NHK朝ドラは、以前は前向きに頑張る「太陽型」のヒロイン像を描くことが多かった。しかし、2012年上半期の「梅ちゃん先生」の主演には、ブレイク作の「野ブタ。をプロデュース」以来、「月型」の魅力で活躍してきた堀北真希を起用。今日(2013年4月1日)から始まる「あまちゃん」では、映画「カラスの親指」で詐欺師を演じ、マイペースなキャラクターの中に秘めた「月型」の豊かな感性が高く評価された能年玲奈が主演する。

■「あまちゃん」で月型女優が競演

NHKドラマ番組部の訓覇圭
チーフ・プロデューサー。『あ
まちゃん』のほか、『ハゲタカ』
『外事警察』などを担当。

NHKドラマ番組部の訓覇圭
チーフ・プロデューサー。『あ
まちゃん』のほか、『ハゲタカ』
『外事警察』などを担当。

「あまちゃん」を手がけるNHKドラマ番組部の訓覇圭(くるべけい)チーフ・プロデューサーは、ヒロインのオーディションを前に「明るいけれど、根っこのところで内向的…という作家の宮藤官九郎さんが描くヒロインを具体化するのはとてつもなく難しい」と悩んでいた。

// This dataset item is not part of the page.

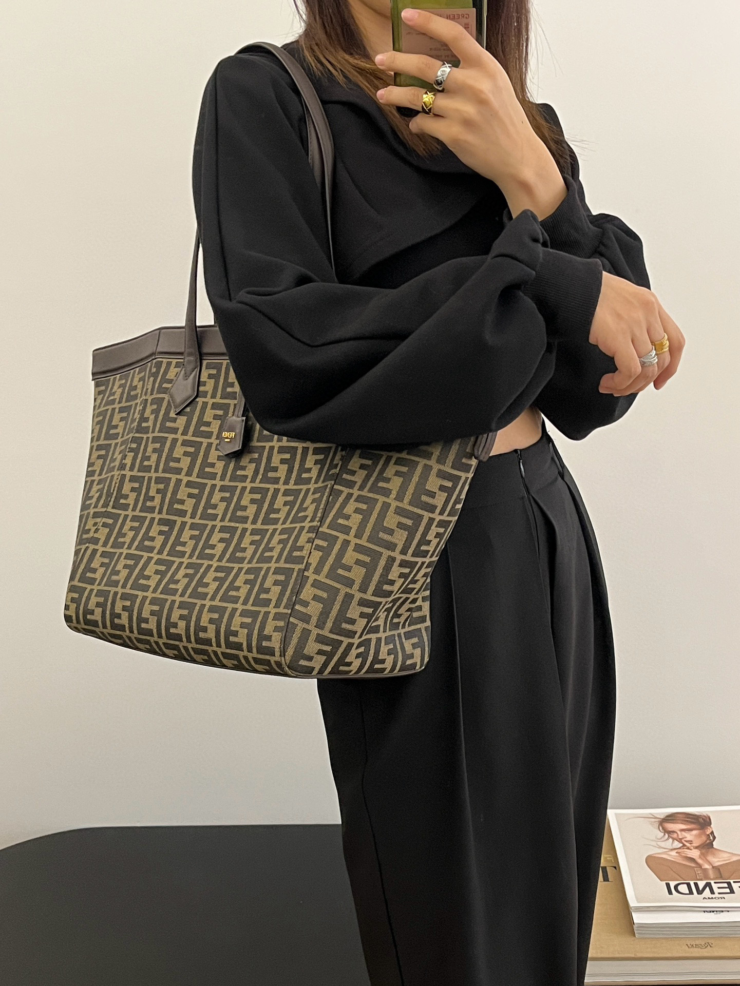 NIGO Fendi Origami Medium Handbag Brown FF Jacquard Fabric Handbag Women's Luxury Trend Clutch Temperament Fashion Bag Bags 8BS083AFPMF1GL7 #nigo81635

だが、「能年さんがオーディションの部屋に入ってきた瞬間に、"イメージ通りの子がいた!"と飛び上がるほど驚いた」という。「彼女は今まで会ったことのない独特の存在感。ちょっと既存の言葉では表現できないオリジナリティー。"能年ちゃんぽい"としか言いいようがないんです」と語る。

さらに、「あまちゃん」には、自ら「影のある役が得意」と言う橋本愛も出演。「感性で演技をする女優としての"橋本愛像"を既に確立しているので、そのイメージから一番遠いところにある朝ドラで、かわいらしさや、新しい魅力が出てくることを期待しての起用」と訓覇氏は話す。

訓覇氏はこの二人について、「全くタイプは違うが、素顔は謎めいていた、かつての時代の映画スターのような存在になってほしい」と言う。

2013年1月クール(1月~3月)には、「月型女優」の上昇株の代表と言える剛力彩芽が、人気ノベルシリーズをドラマ化した「ビブリア古書堂の事件手帖」(フジ系)で月9(フジテレビ月曜9時枠)初主演を果たした。剛力は、極度の人見知りをする、観察眼の鋭い美人古書店主を演じた。

不況が続く社会も反映して、先が見えない状況下で悩みながら前進するヒロイン像を得意とする「月型女優」のニーズは、ますます高まりそうだ。